The consensus from the hosts and listeners from the results were that the human did a better job in terms of flavour, but both stories were essentially the same when it came to the facts. 

Where this fits in with Vector is the episode (81: Celestial Revisionism - sorry about the unofficial link, the iMore page for the series doesn’t seem to be up to date) which discussed the situation around the MPAA and others conspiring with Attorneys General against Google over copyright interests. Now regardless of how you feel on the whole music/movie piracy issue, business interests conspiring with the AG behind the scenes (as opposed to lobbying out in the open) is a pretty bad situation. The fact that further to this they also planted coverage in the Wall Street Journal sympathetic to their cause is just icing on the cake.

How these two situations go together is that I think there may be a pretty good argument for, as the title says, having software eat journalism. Stop having bias being introduced into reports by individuals. Software does a pretty good job of taking raw facts and writing a clear story, so just start doing it. Many of the facts are generated by people, but we have a large enough catchment area that these can often be automatically verified or debunked, or at least attach a decent confidence rating to things which are less than certain. 
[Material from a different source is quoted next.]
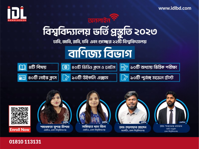 এই কোর্সটির মাধমে অনলাইন বাণিজ্য বিভাগের সম্পূর্ণ প্রস্তুতি নিতে পারবে। এখানে থাকছে ২০২৩ সালের ভর্তি পরীক্ষার সিলেবাস অনুযায়ী ইংরেজী, বাংলা ও বাণিজ্য বিভাগের ০৪টি বিষয়ে প্রস্তুতি সম্পন্ন করে রিভিশন এবং মডেল টেস্ট এর মাধ্যমে নিজেকে যাচাই করার সুযোগ। তাছাড়া, সরাসরি লাইভ ক্লাসে যুক্ত হুয়ে মেন্টরদের সাথে কথা বলে প্রশ্ন-উত্তর বুঝে নেয়ার সুযোগ।

One of the potential issues with this idea of automated journalism is that of trust. Many of us don’t trust machines to do things for us, despite having them do many things invisibly for us every day. Again, there was an episode of Planet Money which looked at driverless cars, and some of the historical problems of automating things. Their examples were elevators and planes, and the mental perception of some of these types of automation that people had to overcome before they used them. I think that many people would object to a piece of software writing a news story because they would have trouble trusting it. The more worrisome problem in my opinion is both a blessing and a curse: it would be harder to tell from casual inspection whether the software had been tampered with (or always biased) to have a bias to its reports (or to be flat out incorrect), but at the same time it should be provable upon detailed inspection as to whether or not it is fair. For human journalists it can be difficult to prove whether or not their reporting has a bias.
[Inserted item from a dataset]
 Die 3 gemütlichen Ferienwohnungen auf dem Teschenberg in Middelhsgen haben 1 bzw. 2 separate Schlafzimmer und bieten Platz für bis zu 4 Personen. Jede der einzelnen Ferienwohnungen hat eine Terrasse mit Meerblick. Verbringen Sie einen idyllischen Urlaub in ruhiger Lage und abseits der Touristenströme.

Impartiality aside there is a large amount of bias in pure news coverage (as opposed to opinion - which is fine when disclosed as such). I think it would be an interesting exercise to see how “robot journalism” (with apologies to Jason Snell and John Siracusa’s Robot or Not? podcast) could potentially improve the way in which we consume fact-based journalism. Would it make individuals less partisan? Would it make us less interested in the news because it was less sensational? Would it not make a difference at all since we would make up our own narrative anyway? I look at “news” and “current affairs” and is just makes me sad since the facts are often buried in spin of some sort. I think I’d like news journalism to be eaten by the machine.